One of my most famous, and most frequently cited, failures is Blue Texas, and it is the call that is most frequently mentioned to diminish my views or my commentary still. "How can we take you seriously when you thought Texas would go blue?" is a fair question, one which there isn't a great answer to, unless I go into a level of "actually, the process was good," which is fairly crap. The actual reason I thought Texas was going to go blue is that I thought I was smarter than everybody else, which is a dangerous place to be.
There was a legitimate case that it was gonna be close - the 2018 Texas polls had been too high on Ted Cruz because they fucked up polling Hispanics. The New York Times/Siena poll of Beto-Cruz was bang on the money with whites, but just a mere 20% off with Hispanics - a singular example of a totemic problem. Apply that sort of logic again, and the polls - which showed white support at the levels Democrats would be considered favourites at - pointed to a blue win. It just turned out nobody could poll college-educated whites, both in Texas and nationally.
We all know that the Hispanic numbers were actually meaningful this time, as south Texas came in for the President in a way it hadn't come in for a Republican in a long time - or, in some cases, ever. It was a nightmare for Democrats, a failure that I - a white man without any connection to the places or people involved - cannot explain, nor can I suggest any solutions.
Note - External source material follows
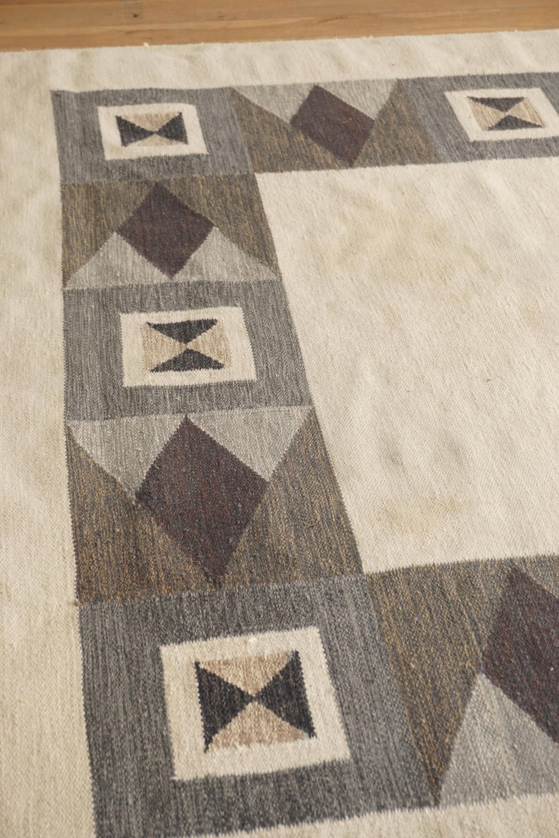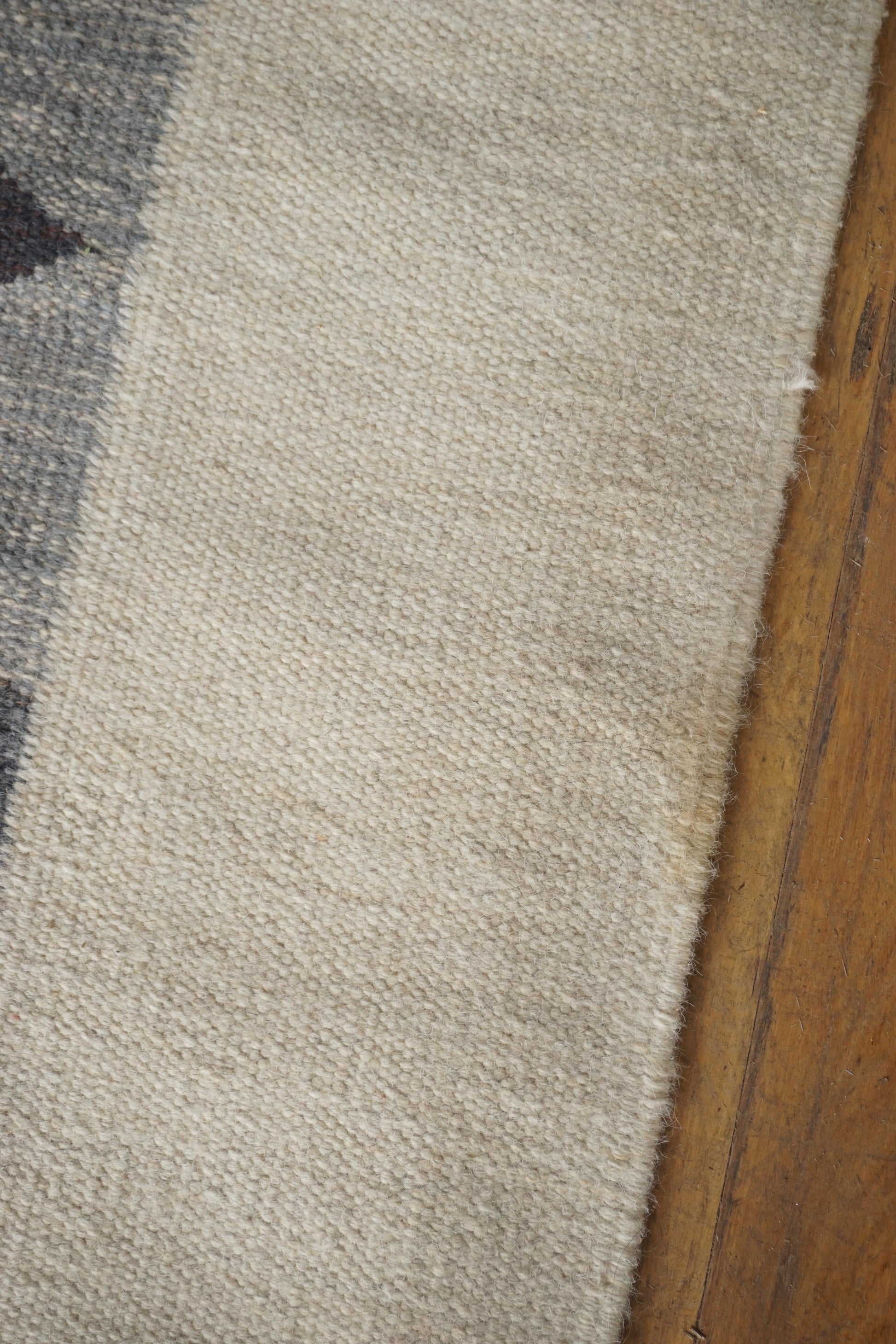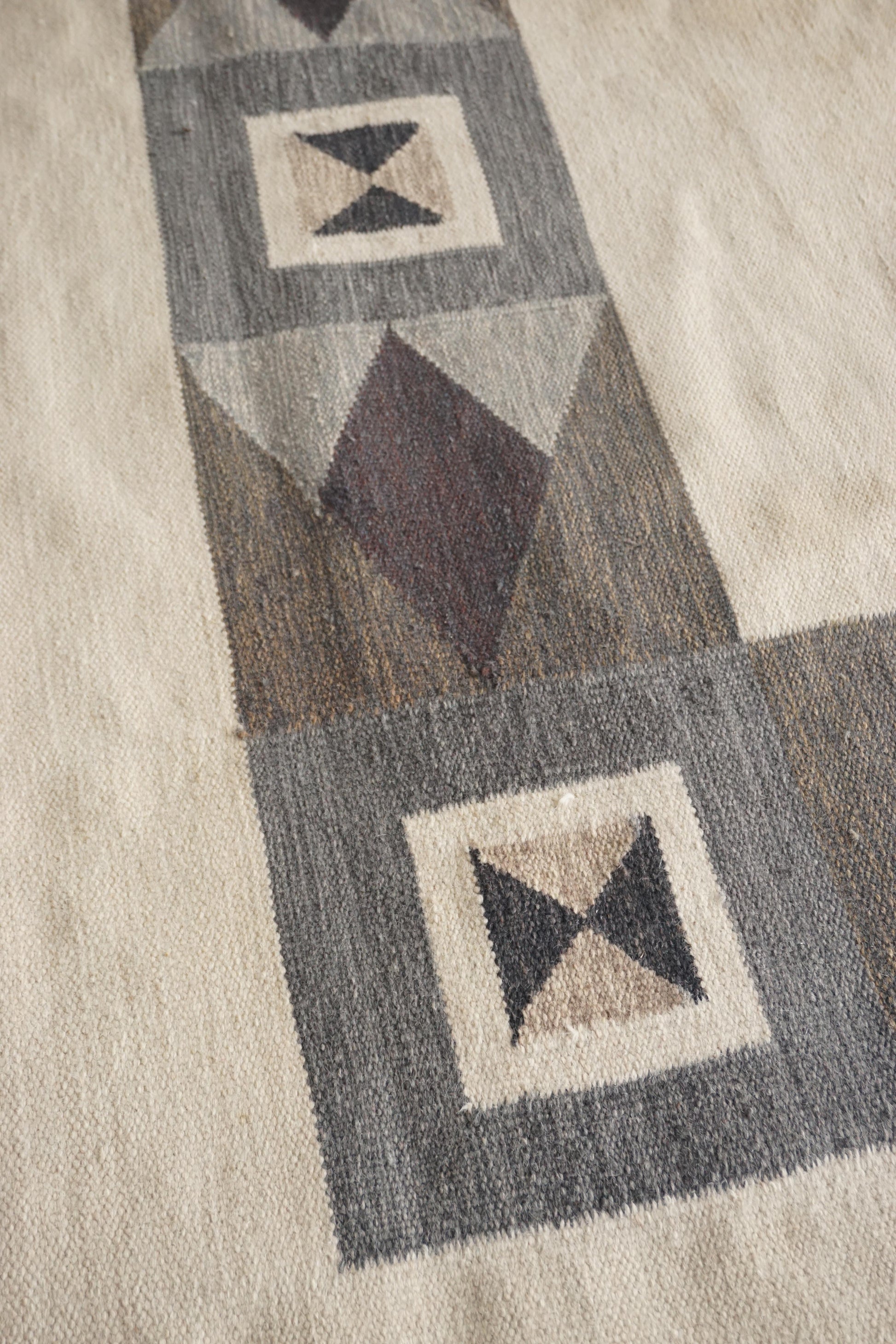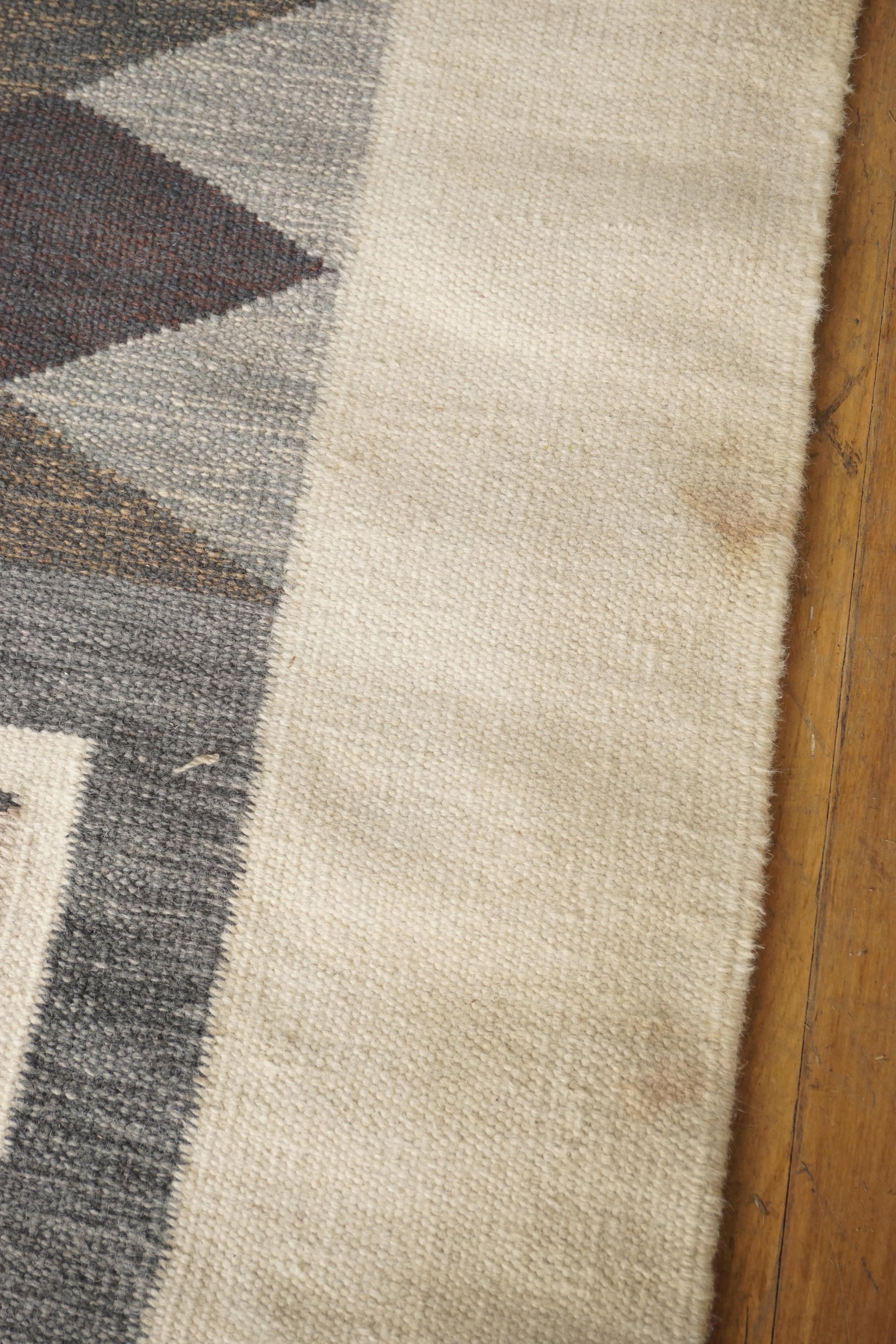 Large handwoven wool rollakan from Sweden. Has been professionally cleaned, some marks as shown in photos.

I have no idea if it was a lack of canvassing or not that really hurt. I have no idea whether these voters were always Republicans, and just not turning out, or if they're gettable for Democrats. I'm able to diagnose what happened, but I cannot explain the why.
I even said in the runup to the election that if Harris County goes from 1.3M votes in 2016 to, say, 1.7M, that the voters who are left to turn out are going to be low propensity Hispanics. It's quite the accomplishment to be so right and yet so wrong, because I was right - Hispanic turnout surged. They just didn't break for Democrats like I expected. I was saying that as a sign of Democratic strength, and it ended up being a disaster for the party.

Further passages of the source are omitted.